• [Task input]
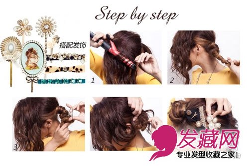 4. 把过长的前发分小束随意夹在发髻旁边。
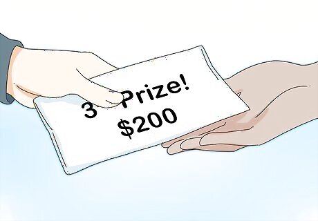 Award actual prizes, such as money or gift certificates. Currency notes and coins bear the portraits of George Washington, Thomas Jefferson, Alexander Hamilton, and Benjamin Franklin, so money is a great prize for a constitutional contest. If you’re celebrating at a school or library, you could ask local businesses to sponsor scholarships or donate gift certificates for essay contests. For contests held at schools, the grade that wins a trivia competition or costume contest could win a pizza party. Good prizes can encourage more participation in your contests.
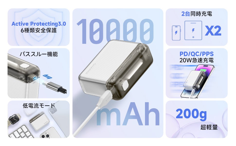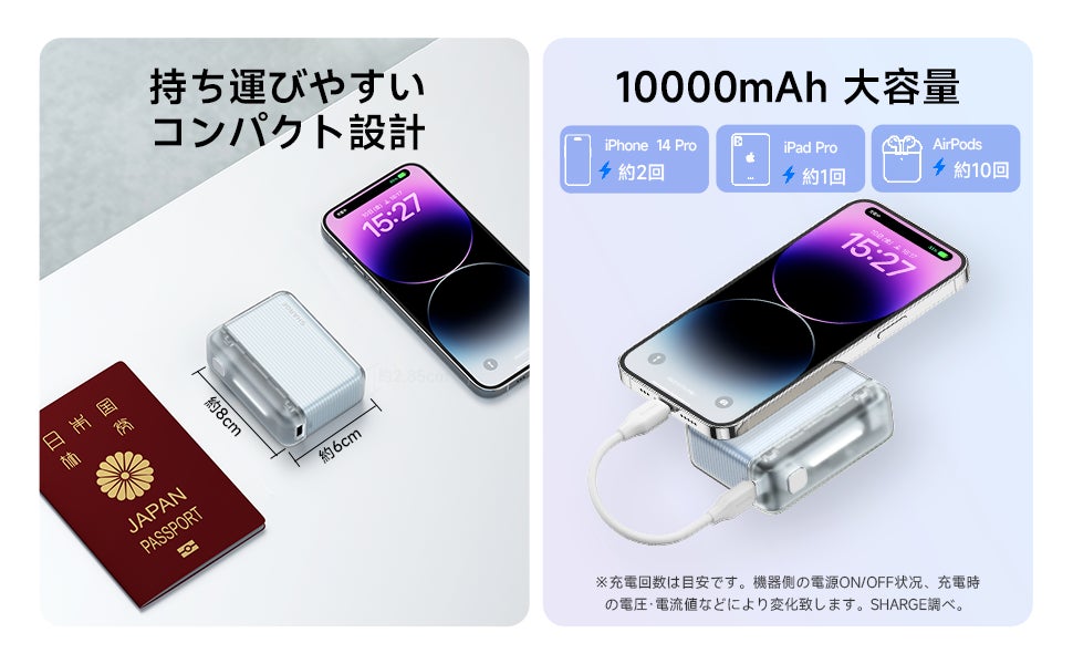 10000mAhの大容量で、iPhone14を約1回、AirPodsを約10回以上充電できます。最大20Wの出力により、スマートフォンやタブレット端末など様々な機器へ急速充電が可能です。外出時でも、充電切れの心配はありません。さらに、パススルー充電機能も搭載しており、充電と給電が同時に可能です。(※充電回数は目安であり、機器側の電源ON/OFF状況、充電時の電圧・電流値などにより変化します。SHARGE調べ)
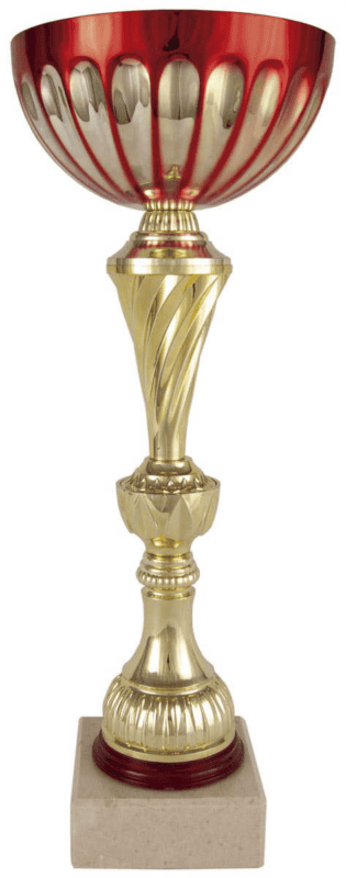 Copa comercial geraneo rojo y oro.
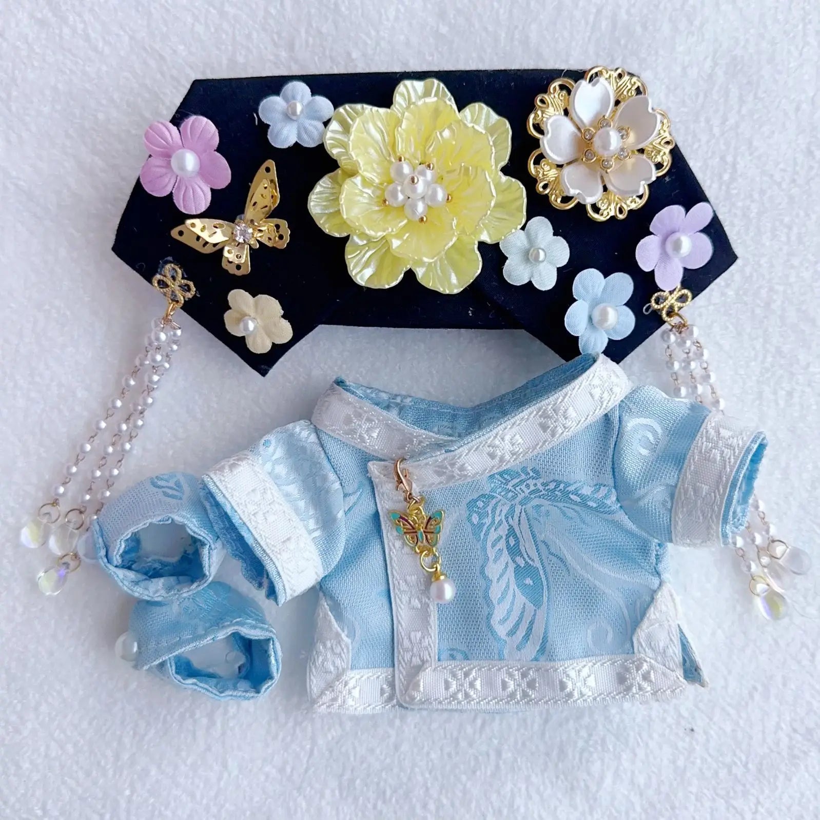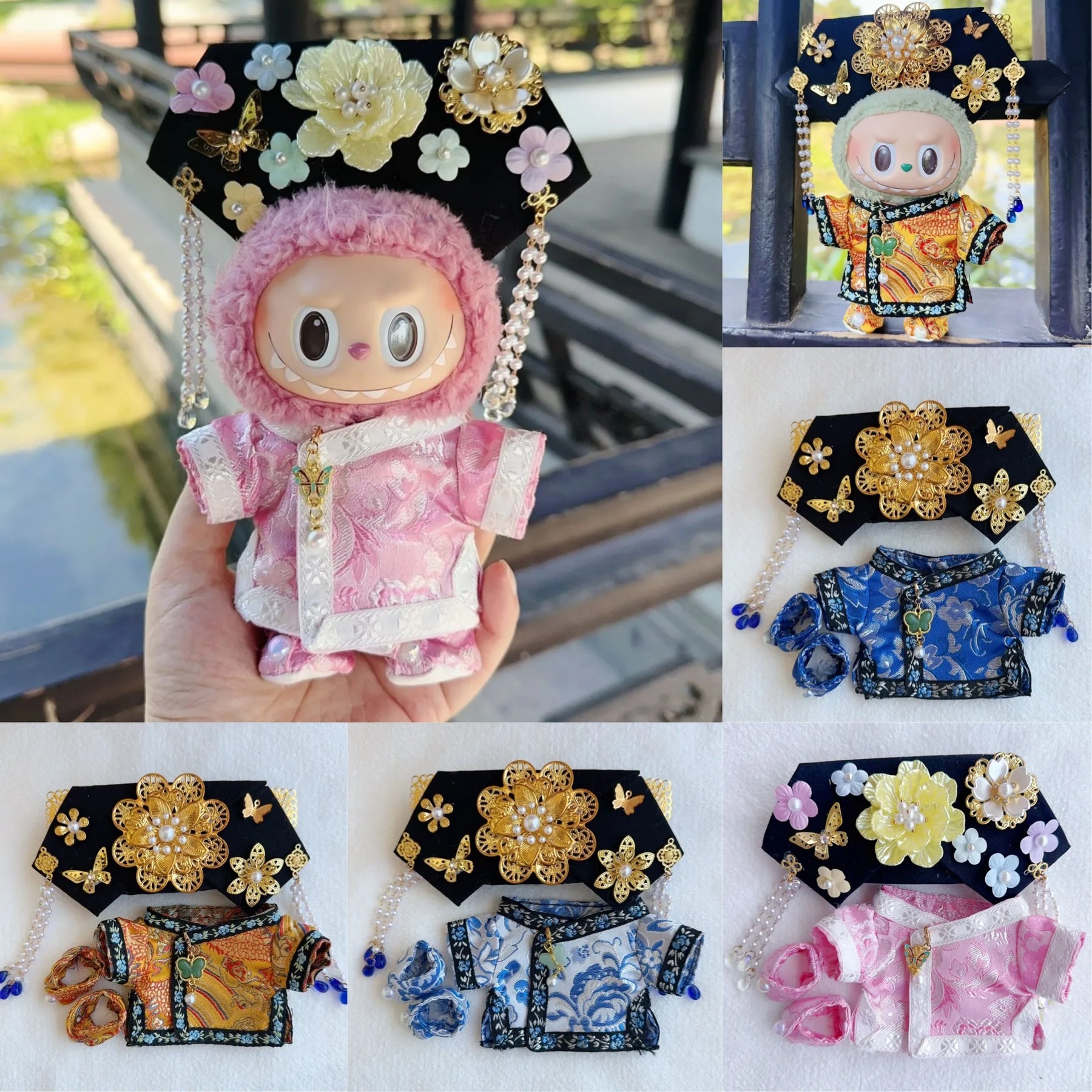 17cm Labubu Qipao Costume 1-3 Gen Fit Chinese Style Princess Outfits with Hairpieces Oriental Doll Clothes for Halloween Decor
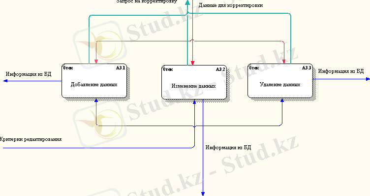 В работе ИЗМЕНЕНИЕ ДАННЫХ управлением являются только РЕКВИЗИТЫ, параметры изменения данных или же новая запись, добавляемая в БД, которые сами при выполнении работы не изменяются. Входом служат РЕКВИЗИТЫ, например, редактируемая информация, т. е. данные, которые пользователь редактирует или удаляет. Отредактированные данные пользователь вправе увидеть на экране, что показано на диаграмме выходной стрелкой ОТРЕДАКТИРОВАННЫЕ ДАННЫЕ, поступающей в качестве управления на работу, описанную выше.
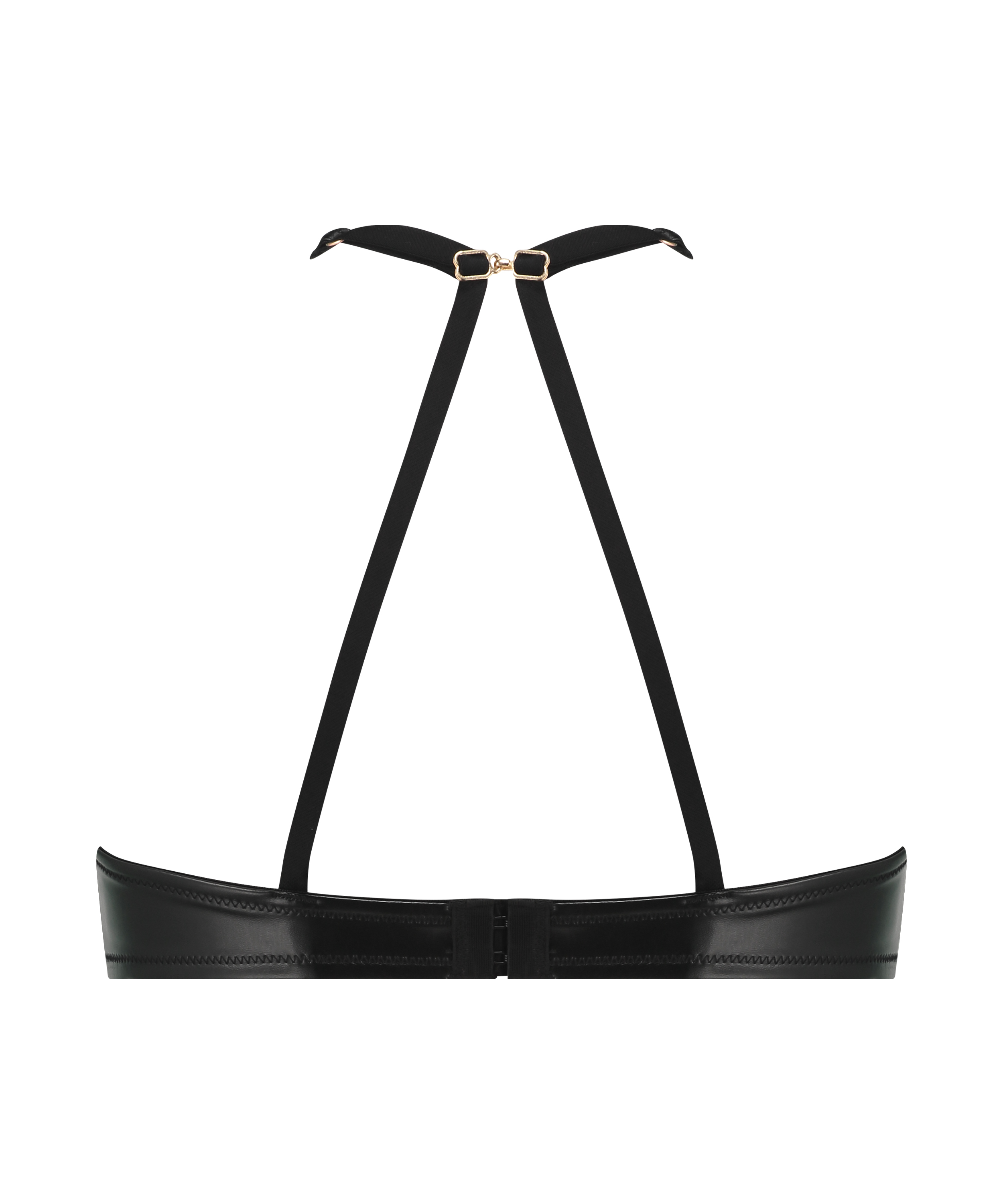 Ta biustonosz charakteryzuje się eleganckim designem z czarnej skóry ekologicznej z delikatnymi złotymi detalami. Dekolt w kształcie litery V dodaje odważnego akcentu, a regulowane ramiączka zapewniają dopasowanie do sylwetki. Miseczki z fiszbinami zapewniają wsparcie i kształt. Biustonosz został zaprojektowany tak, aby podkreślać figurę i dodawać jej elegancji

• [Exercise requirements] What is needed is an exact repetition of every line from the line with "Copa comercial geraneo rojo y oro." to the end of the data above, both ends included, with no pictures.

• [Answer to this exercise]
 Copa comercial geraneo rojo y oro.
 17cm Labubu Qipao Costume 1-3 Gen Fit Chinese Style Princess Outfits with Hairpieces Oriental Doll Clothes for Halloween Decor
 В работе ИЗМЕНЕНИЕ ДАННЫХ управлением являются только РЕКВИЗИТЫ, параметры изменения данных или же новая запись, добавляемая в БД, которые сами при выполнении работы не изменяются. Входом служат РЕКВИЗИТЫ, например, редактируемая информация, т. е. данные, которые пользователь редактирует или удаляет. Отредактированные данные пользователь вправе увидеть на экране, что показано на диаграмме выходной стрелкой ОТРЕДАКТИРОВАННЫЕ ДАННЫЕ, поступающей в качестве управления на работу, описанную выше.
 Ta biustonosz charakteryzuje się eleganckim designem z czarnej skóry ekologicznej z delikatnymi złotymi detalami. Dekolt w kształcie litery V dodaje odważnego akcentu, a regulowane ramiączka zapewniają dopasowanie do sylwetki. Miseczki z fiszbinami zapewniają wsparcie i kształt. Biustonosz został zaprojektowany tak, aby podkreślać figurę i dodawać jej elegancji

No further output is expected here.